‘Seismic shift’ needed to break smart meter ceiling

A “seismic shift” in thinking needs to come from government if the energy sector is to hit its smart meter targets, an industry expert has warned.

It comes as the latest figures from Electralink show that smart meter installations appear to have hit a ceiling in the past three years, with the total number of annual installs levelling out.

Electralink’s figures show that more than 2.4 million smart electricity meter installations were recorded in 2023, a fraction higher than the 2.37 million installs in 2022 and marginally lower than 2021 which saw 2.41 million installs.

Suppliers have until the end of 2025 to complete the rollout. The government originally planned to complete the rollout by 2019 but as of the end of September 2023 just 59% of all meters were smart or advanced meters, according to the latest figures from the Department for Energy Security and Net Zero (DESNZ).

DESNZ has pushed back its smart meter targets on several occasions, most notably as a result of the pandemic, and is now targeting 74.5% of homes and nearly 69% of small businesses to have a smart meter by the end of 2025.

Speaking to Utility Week in response to the latest figures Jeremy Yapp, policy & regulation director (UK & EU) at smart electric vehicle charging app ev.energy, said the numbers were “fine and they are not a cause for panic or alarm”, but that he did believe the government needed a rethink.

“If you were looking at other rollouts, you might have anticipated a softening of these numbers and that hasn’t happened. I think that is really good and that speaks to the long term desirability of the smart meter as a consumer engagement tool,” he said.

He added: “However if the government thinks the current pace is good enough to fill this country with smart meters in the way we need to then it needs to think again. So if we really do want to meet those targets that we have set ourselves and if we do want to make sure that consumers are in the best position to take advantage of Market Wide Half Hourly Settlement (MHHS) when that is delivered then maybe we need not to panic but to look at something different.

“We need to change this up because current trajectories are clearly not going to deliver a significant increase in smart meter penetration in time for MHHS. So the government needs to do something else.”

Yapp suggested there was an opportunity for government to “think about big messages about electrification and big messages about smart energy management and energy efficiency”, adding that the country needed a conversation about how it uses energy better.

In agreement with Yapp is George Walters, chief home services officer at Utilita, a prepayment meter specialist energy supplier which has 92% of its customer base connected to a smart meter.

He said: “Certainly we’re at that place now where suppliers are only able to make marginal improvements to their installations, their engagement with customers, and ultimately that’s never going to get us to where we need to be.

“There needs to be more of a seismic shift or a step change which has got to come from government really, essentially to move from where we are now to a place where we’re ultimately pretty much fully installed like Utilita is.”

Both also acknowledged that the number of smart meter installers is another contributing factor to low take up.

“We have a skills problem. So you could have the meters in a warehouse, you could have the customers calling the helpline saying ‘please install a smart meter’, both of those things could be true, but you might not have the people with the vans to go out and install them,” said Yapp.

“There is certainly shortages of installers, absolutely, there is a skills shortage there,” added Walters.
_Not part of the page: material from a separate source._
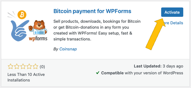 The Coinsnap for WPForms plugin is now successfully installed. Now you need to upgrade your WPForms to WPForms Pro. When that is done, you can start configuring the Coinsnap for WPForms settings in your WPForms settings.

Meanwhile Tom Woolley, smart product & strategy director at energy infrastructure company and smart meter installer SMS, said that in order to achieve the “ultimate 100% goal” of smart meter coverage, “it is not unforeseeable that a change in tack to existing rollout obligations may be required”.

He spoke about the collaborative efforts of energy suppliers working under Alt Han – the government regulated, not-for-profit collective of UK energy suppliers – which was established to overcome the industry’s technical installation challenges.
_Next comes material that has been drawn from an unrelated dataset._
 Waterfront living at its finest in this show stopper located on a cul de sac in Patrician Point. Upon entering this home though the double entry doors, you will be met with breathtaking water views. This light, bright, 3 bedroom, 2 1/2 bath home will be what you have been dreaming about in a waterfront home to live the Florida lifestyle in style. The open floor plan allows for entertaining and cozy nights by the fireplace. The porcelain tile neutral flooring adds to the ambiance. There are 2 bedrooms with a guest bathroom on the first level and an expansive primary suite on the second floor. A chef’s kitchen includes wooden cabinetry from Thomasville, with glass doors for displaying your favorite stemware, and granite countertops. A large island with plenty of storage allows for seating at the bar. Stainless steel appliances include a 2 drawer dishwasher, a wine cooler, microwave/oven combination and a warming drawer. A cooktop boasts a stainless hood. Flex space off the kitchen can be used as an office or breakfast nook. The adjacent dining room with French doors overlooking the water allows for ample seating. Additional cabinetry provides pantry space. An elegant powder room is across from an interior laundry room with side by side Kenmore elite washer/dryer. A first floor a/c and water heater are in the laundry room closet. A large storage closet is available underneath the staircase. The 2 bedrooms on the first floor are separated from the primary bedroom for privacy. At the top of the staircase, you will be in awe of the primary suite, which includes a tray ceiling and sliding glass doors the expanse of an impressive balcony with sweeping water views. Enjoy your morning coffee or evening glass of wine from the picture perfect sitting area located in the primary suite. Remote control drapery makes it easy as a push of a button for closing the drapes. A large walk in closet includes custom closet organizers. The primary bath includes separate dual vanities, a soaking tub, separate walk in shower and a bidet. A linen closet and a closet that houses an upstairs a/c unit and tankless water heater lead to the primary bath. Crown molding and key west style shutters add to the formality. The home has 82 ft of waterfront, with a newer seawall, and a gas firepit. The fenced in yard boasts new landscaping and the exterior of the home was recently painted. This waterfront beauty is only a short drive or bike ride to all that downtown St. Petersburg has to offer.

Woolley told Utility Week: “The fundamental challenge for the government and energy suppliers continues to be one centred around the effective communication of the benefits of smart metering to the remaining consumers. However, in part, it is also a huge technical challenge, with at least a million UK households requiring extra solutions and support to access smart meters due to certain technical installation and network issues.

“To this point, over the past 12 months, the industry has shown how it can club together to overcome these obstacles through innovation and collaboration, with all UK suppliers – under the guise of Alt HAN – and leading meter equipment managers all working in unison to come up with solutions that effectively address these rollout roadblocks. I believe this collaborative approach could signal the way forward, to deliver the remaining smart meters in a more effective, efficient and collaborative manner.”
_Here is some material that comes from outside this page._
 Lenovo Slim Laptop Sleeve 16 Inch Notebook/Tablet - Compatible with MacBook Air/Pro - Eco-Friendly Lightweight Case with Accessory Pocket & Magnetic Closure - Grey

In response, a DESNZ spokesperson said: ”The rollout is making good progress, with almost 34 million smart meters installed, allowing consumers to manage their energy use and save money, while also delivering on our commitments to net zero and energy security.

“We expect suppliers to rise to the challenge, so they meet their obligations and go further to progress the rollout. Ofgem have also taken a robust approach towards companies failing to meet targets.”